Flashback: George Soros Said U.S. and Israel Must “Open the Door to Hamas” in 2007

Following the horrific Hamas attacks against Israeli civilians last week, Newsbusters’ Joseph Vazquez did some sleuthing and uncovered that George Soros once demanded that Israel and the U.S. open its door to Hamas, an organization that included Jewish genocide in its founding charter.

The article was published on March 19, 2007, and was titled “America and Israel Must Open the Door to Hamas.”

Vazquez: Soros leveled outrageous accusations against former President George W. Bush’s administration for “supporting the Israeli government in its refusal to recognise a Palestinian unity government that includes Hamas.” In Soros’s insane worldview, Israel not kowtowing to a murderous terrorist group precluded “any progress towards a peace settlement at a time when such progress could help avert conflagration in the greater Middle East.”

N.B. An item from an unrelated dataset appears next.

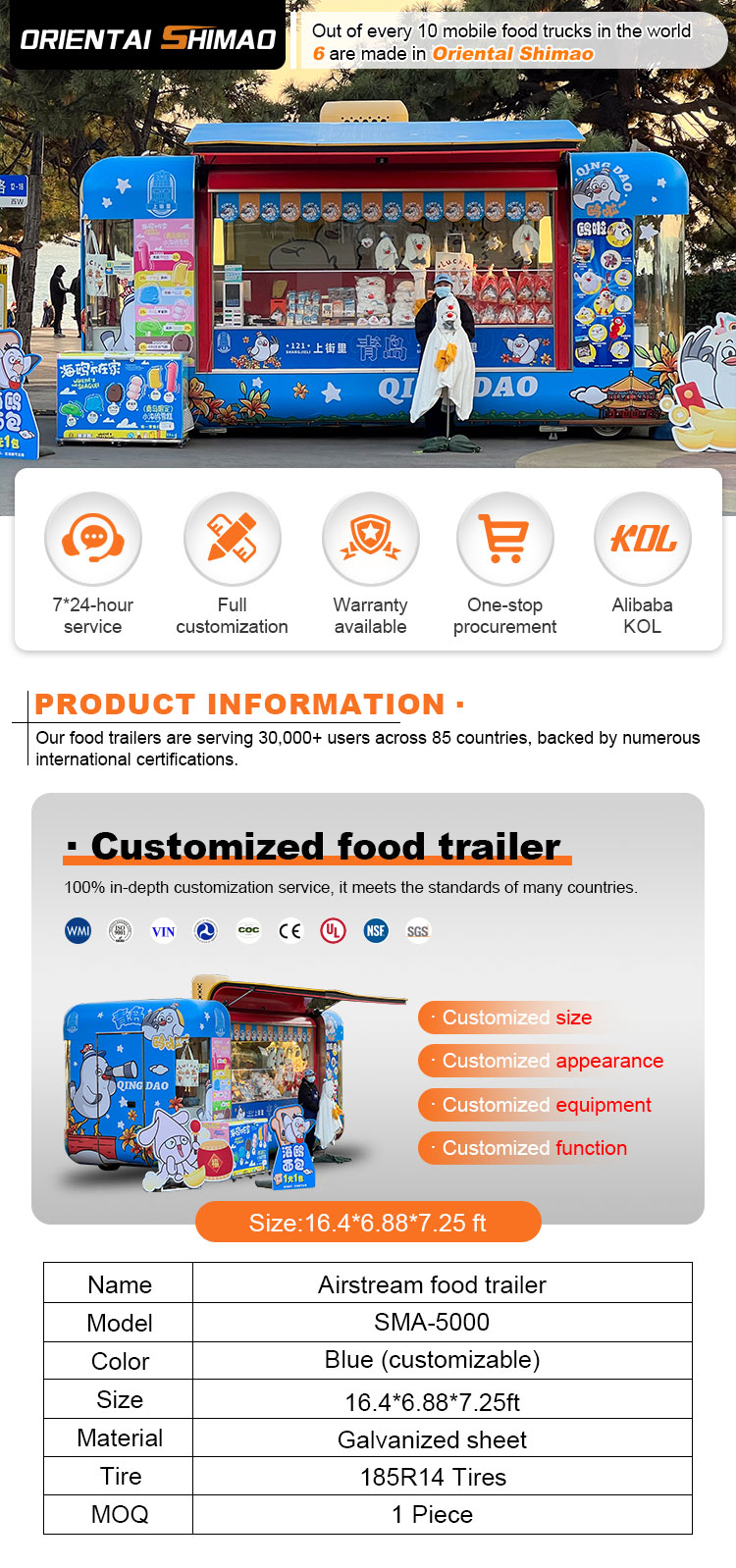 Vi kan erbjuda Food Catering Trailers certifieringar: DOT, CE, SGS, SCI, ISO, COC,

Soros’s outlandish piece was published in the midst of the bloody 2006-2007 Fatah-Hamas conflict. The ensuing carnage of the Battle of Gaza in June 2007 would result in a complete Hamas takeover of the Gaza Strip and the dissolution of the unity government by Palestinian President Mahmoud Abbas

 

Soros also praises Saudi Arabia for meeting with Hamas leadership in the article, and tries to downplay Hamas terrorists as merely being a faction of the party, assuring the reader that “Hamas is not monolithic,” and has a political wing that is “more responsive to the needs of its population” in addition to its military wing that carries out acts of terror.

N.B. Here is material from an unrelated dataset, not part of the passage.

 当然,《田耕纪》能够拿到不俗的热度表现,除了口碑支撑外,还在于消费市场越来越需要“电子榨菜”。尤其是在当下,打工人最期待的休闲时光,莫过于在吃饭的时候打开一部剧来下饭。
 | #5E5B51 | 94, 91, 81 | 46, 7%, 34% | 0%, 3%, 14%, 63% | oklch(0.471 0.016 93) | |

Soros has long sided with Israel’s enemies. As I wrote in my book The Man Behind the Curtain:

Of the state of Israel, Soros has said “I don’t deny Jews their right to a national existence, but I don’t want to be part of it.” Soros has characterized the founding of Israel as a pathological reaction of Jews “obsessed with emulating their Nazi oppressors” in a “process of victims turning persecutors.”

Soros has blamed anti-Semitism on Israel, stating in 2003 that “There is a resurgence is anti-Semitism in Europe. The policies of the Bush administration and the Sharon administration contribute to that…It’s not specifically anti-Semitism, but it does manifest itself as anti-Semitism as well. I’m critical of those policies…If we change that direction, then anti-Semitism will also diminish.” Ariel Sharon was Israel’s prime minister from 2001 to 2006 and he belonged to the right-wing Zionist party Likud.

Soros criticized the U.S. in 2007 [in a different article than the one Vazquez found] for refusing to recognize the “democratically elected” terrorist Hamas government, or support Hamas in a future unity government with the West Bank. He’s also complained about the influence groups like AIPAC have on U.S. foreign policy, pretending to care about Israel when making the case against them, claiming that “far from guaranteeing Israel’s existence, AIPAC has endangered it.”

Archaeologist and historian Alexander H. Joffe compiled a comprehensive overview of Soros’ sphere of influence in the Middle East… The web of NGOs that Soros funds in the Middle East support an anti-Israel strategy that focus on three categories of strategies; 1) delegitimizing Israel as an apartheid state, 2) funding organizations aimed at weakening U.S. support for Israel, and 3) funding fringe Israeli organizations to make it appear as if their radical views are held by Israelis themselves.

Media organizations linked to George Soro have long claimed that any criticism of Soros is anti-semitic, which actually makes perfect sense. As the far-left radical Saul Alinsky wisely advised his followers: “Accuse your opponent of what you are doing, to create confusion and to inculcate voters against evidence of your own guilt.”